Reticulofenestra, sont présents au Paléogène et ne présentent qu’un faible décalage (moins de 1 ‰) avec la calcite inorganique et leur effet vital différentiel en oxygène apparaît également réduit à forte pCO2 (Figure III.12). Dans le détail, il est possible de calculer l’effet vital moyen pour chacune de nos espèces cibles au-dessus du seuil de 500 ppm. δa valeur de l’effet vital à appliquer à l’Equation 1 sera respectivement de 0,51 ‰ ± 0,15 ‰ pour les fractions enrichies en Coccolithus et de 0,69 ‰ ± 0,11 ‰ pour les fractions enrichies en Reticulofenestra.

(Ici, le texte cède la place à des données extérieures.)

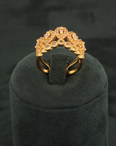 يُشبه هذا التصميم تاجًا مرصعًا بأحجار كريمة، ويُعدّ من أكثر أشكال الخواتم فخامة ورقيًا.
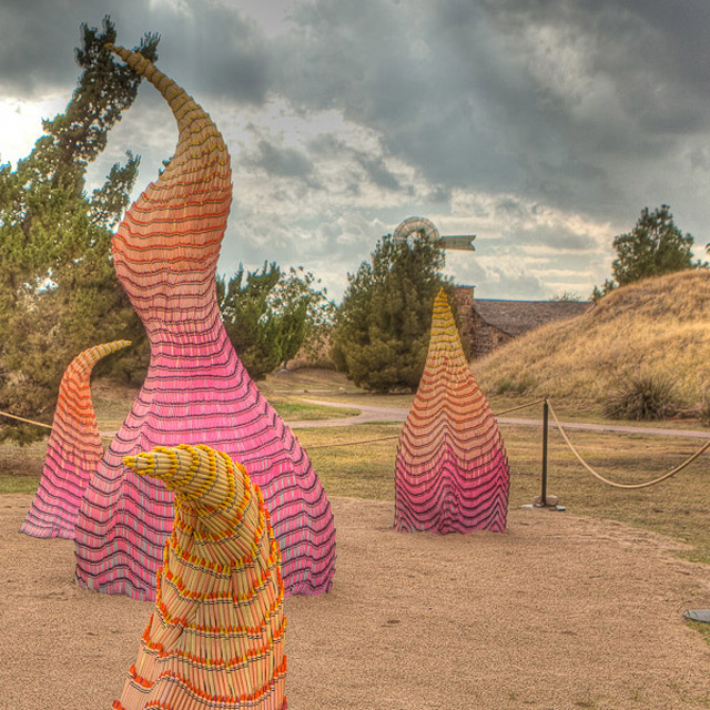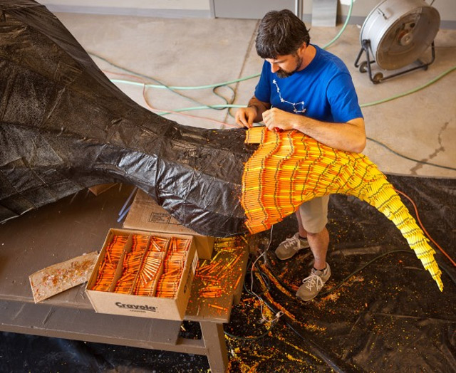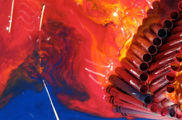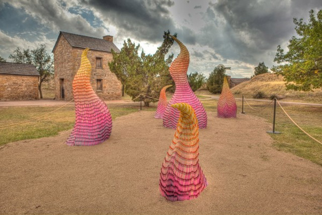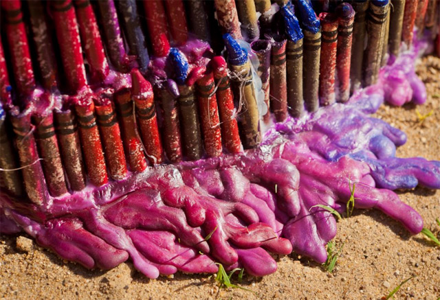 Im National Ranching Heritage Center der Texas Tech University in Lubbock hat der amerikanische Künstler Herb Williams seine Crayola-Projekt Unwanted Visitor: Portrait of Wildfire aufgestellt. Fünf aus Wachsmalstiften bestehenden Flammen-Skulpturen, die kürzlich geschehene Flächenbrände symbolisieren sollen. Seit 7 Oktober stehen die Dinger da und zerfließen nach und nach in der texanischen Mittagssonne.

D’un point de vue biogéochimique, les effets vitaux différentiels en carbone et en oxygène traduisent donc au premier ordre des différences dans la limitation en carbone,

elle-128 même fonction de la taille des cellules qui peut être approchée par leur rapport volume sur surface (McClelland et al., 2016; McClelland et al., 2017). Les petites cellules au fort taux de croissance (µ) de type E. huxleyi laissent peu de temps au CO2 (présentant un excès de 18O par rapport aux autres espèces de DIC) incorporé par diffusion passive de s’équilibrer isotopiquement avec le H2O intracellulaire, le δ18O des coccolithes de ces cellules est donc caractérisées par une signature isotopique relativement plus lourde. Lorsque la concentration de CO2 aqueux du milieu augmente, les cellules sont moins limitées en carbone. Le temps de résidence des espèces du DIC dans le réservoir intracellulaire augmente donc, ce qui laisse plus de temps au CO2 incorporé de se rééquilibrer avec le H2O. Ainsi, l’amplitude de l’effet vital en oxygène diminue et la composition isotopique de l’oxygène des coccolithes se rapproche de la composition d’une calcite inorganique minéralisée à l’équilibre (Hermoso et al., 2016a; Hermoso et al., 2016b).

Les biais associés au choix de la valeur d’effet vital sur les SSTs reconstituées seront discutés plus amplement dans le chapitre : V.1. Biais possibles sur les reconstitutions de températures et de pCO2 à partir de la géochimie des coccolithes.